## Records contained in a dataset
· · · ·
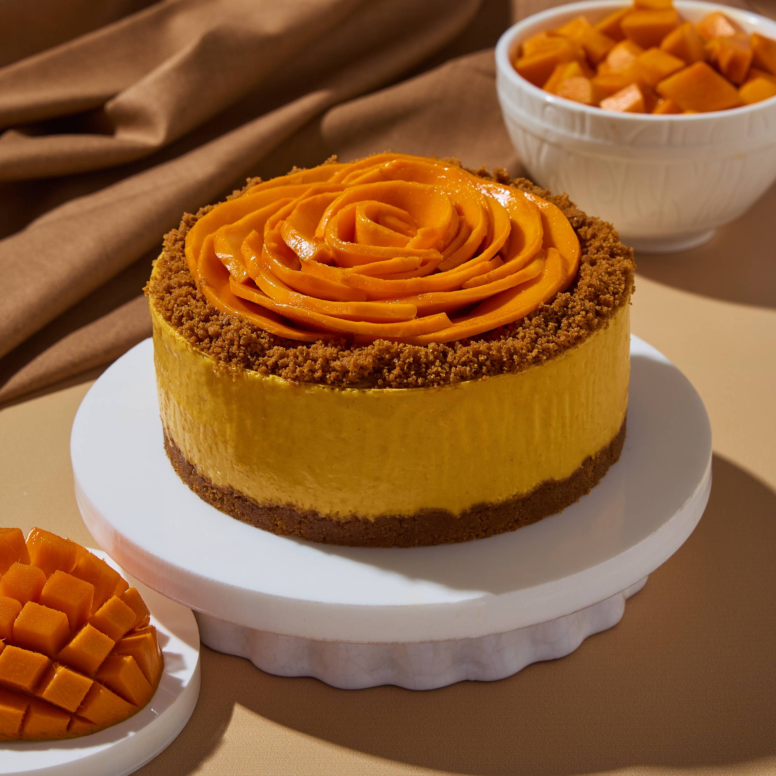 A mango-infused cheesecake resting on a buttery Biscoff biscuit base, offering the perfect balance of creaminess and crunch. Topped with caramelized Biscoff biscuit crumbs and fresh mango slices.
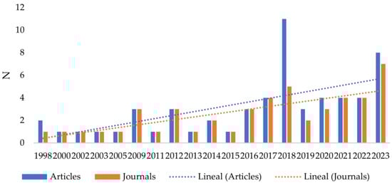 The publication data, including authors, yearly publications, journal distributions, and research areas, were compiled into an Excel file and then exported to a text format. This data was subsequently analyzed using the Bibliometrix R package (Version 4.3.0), which facilitates the creation of tables and network-based maps for further analysis. Then, the contributions made by the research of Dote-Pardo and Ceballos-Garrido [] were considered, which allowed a descriptive study to be carried out to analyze the progression of research on this topic over time.
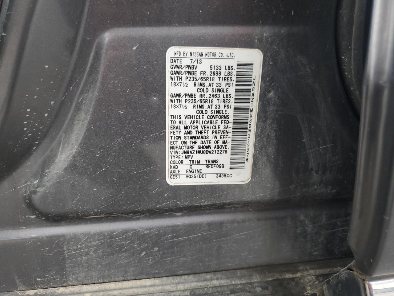 2013 NISSAN MURANO - JN8AZ1MU8DW212276, колір - Сірий, 3.5, Бензин, із США
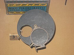 [edit]Many inexpensive box cameras had a shutter consisting of a round metal disk with a hole punched in it along with a spring-loaded release lever, with the solid disk blocking light from entering the camera. When the shutter release lever is actuated, the spring causes the disk to quickly rotate once so that the hole passes the camera aperture and allows light through for a brief moment. Rotary shutters typically only had one fixed, imprecise shutter speed, although most cameras had a Time setting that would lock the shutter open when the release is actuated, allowing for longer exposures.
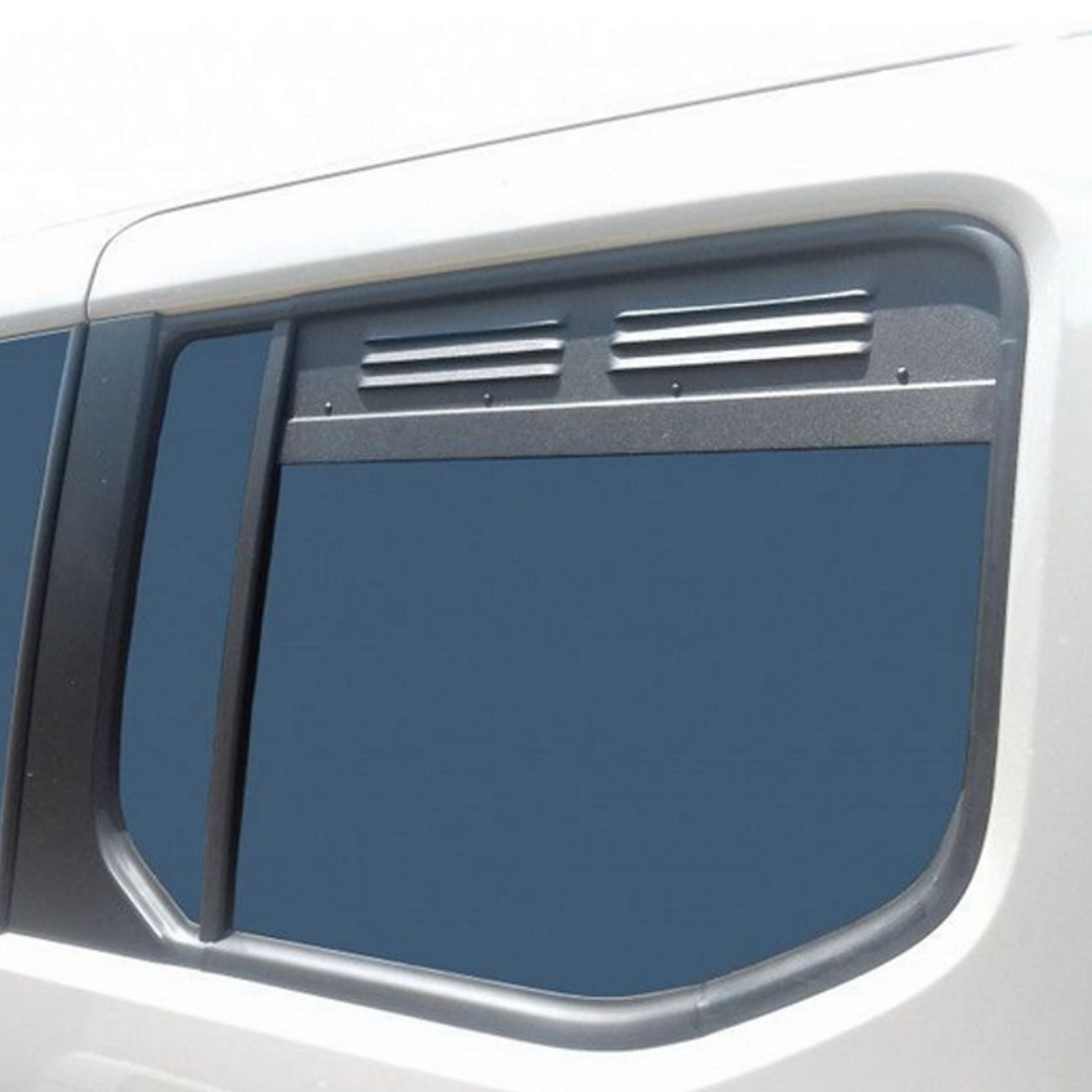 Juego de 2 rejillas de ventilación para las ventanas laterales traseras de Peugeot Rifter, Citroën Berlingo, Opel Combo y Toyota Proace City (fabricados desde 09/2018). Permiten una ventilación segura y a prueba de lluvia con el vehículo cerrado, ideal para camperizaciones, mascotas o simplemente para renovar el aire.
· · · ·
## WORK ITEM
Copy the lines exactly as they appear from the opening of the entries above through the line with "2013 NISSAN MURANO", excluding all pictures.

## ANSWER FOR THIS EXERCISE
 A mango-infused cheesecake resting on a buttery Biscoff biscuit base, offering the perfect balance of creaminess and crunch. Topped with caramelized Biscoff biscuit crumbs and fresh mango slices.
 The publication data, including authors, yearly publications, journal distributions, and research areas, were compiled into an Excel file and then exported to a text format. This data was subsequently analyzed using the Bibliometrix R package (Version 4.3.0), which facilitates the creation of tables and network-based maps for further analysis. Then, the contributions made by the research of Dote-Pardo and Ceballos-Garrido [] were considered, which allowed a descriptive study to be carried out to analyze the progression of research on this topic over time.
 2013 NISSAN MURANO - JN8AZ1MU8DW212276, колір - Сірий, 3.5, Бензин, із США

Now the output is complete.